Meg looked at Louise, at the hooded eyes, the wary position of the head, the warning twitching of the last few inches of her black tail. Blajeny had told them that Louise was a Teacher. Louise herself had certainly shown in the past twenty-four hours that she was more than an ordinary garden snake. Louise would know—did know, Meg was sure —the real Mr. Jenkins. Swallowing her own shyness of all snakes, she reached out towards Charles Wallace. “Let me have Louise for a little while, please, Charles.”

But Proginoskes spoke in her mind. “No, Meg. You have to do it yourself. You can’t let Louise do it for you.”
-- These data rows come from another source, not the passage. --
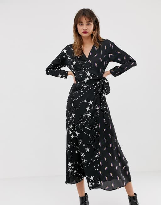 ASOS DESIGN wrap maxi dress in star and lightning bolt print Very well made.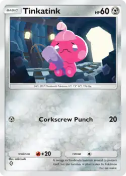 Tinkatink (Japanese: カヌチャン Kanuchan) is a Metal-type Basic Pokémon card in Pokémon Trading Card Game Pocket. It is part of the Shining Revelry expansion.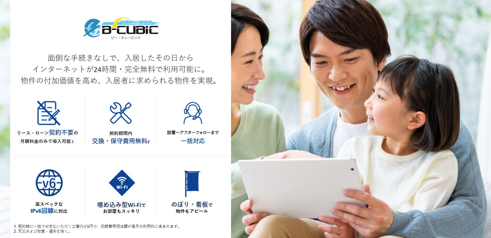 集合住宅に全戸一括で入居者が無料でインターネット接続できるサービスです。大手通信事業者のインターネットサービスは、利用を希望する入居者からの個別の申し込みと個別の導入工事が必要であり、各入居者には初期工事費用や毎月の利用料の負担が発生しますが、「B-CUBIC」は、入居者からの申し込みは不要、かつ無料でインターネットの利用が可能となります。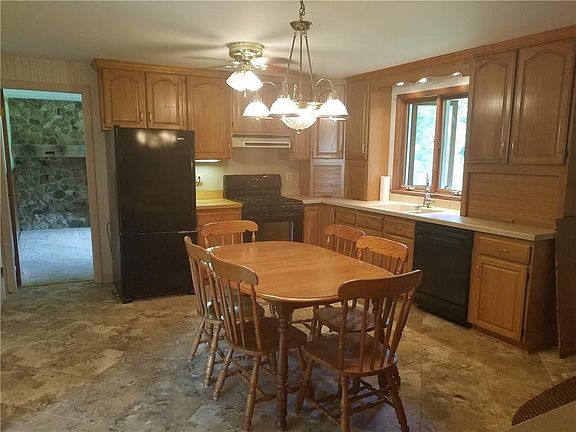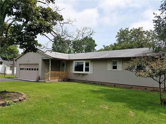 A ranch in the Hilton School District with vinyl siding, a fully fenced yard, newer furnace and a/c, newer H2O heater, 2 car garage, thermoane windows. Gorgeous updated kitchen with oak cabinets,custom sandstone countertops w/undermount sink, solid maple butcherblock, new ceramic flooring & under cabinet lighting. The rest of the home needs some TLC. rooms need paint, carpeting is aged (but hardwoods underneath!), w/b fireplace does not work. 3 generous bedrooms- 1 currently used as 1st flr laundry, a formal living room w/bay window AND a family room w/ stone fireplace (could be a sweet 4th bdrm!) A screened in porch off the back allows you to watch the birds & over look the yard w/ apple & pear trees and lilac bushes.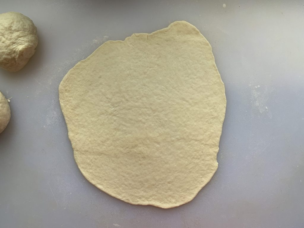 Estenda cada porção em um disco fino de 20-22 centímetros, pincele 1/3 da banha bem macia por cima.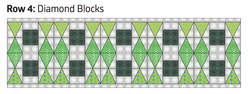 Follow along in the quilt pattern on pages 4, 6-7 and 10-11 to make Row 4. It’s sewn from Triangle in a Square blocks, fussy cut squares and background fabric.

All right. She accepted that. But perhaps Louise could still help.

Charles Wallace regarded his sister thoughtfully. Then he held out the arm around which Louise’s lower half was coiled. The snake slithered sinuously to Meg. Her body felt cold, and tingled with electricity. Meg tried not to flinch.

“Mr. Jenkins,” Meg said. “Each of you. One at a time. What are you going to do about Charles Wallace and Louise? Charles Wallace can’t possibly walk home alone. It’s too far. What are you going to do about Charles Wallace and school in general?”

Nobody volunteered an answer. All three folded their arms impassively across their chests.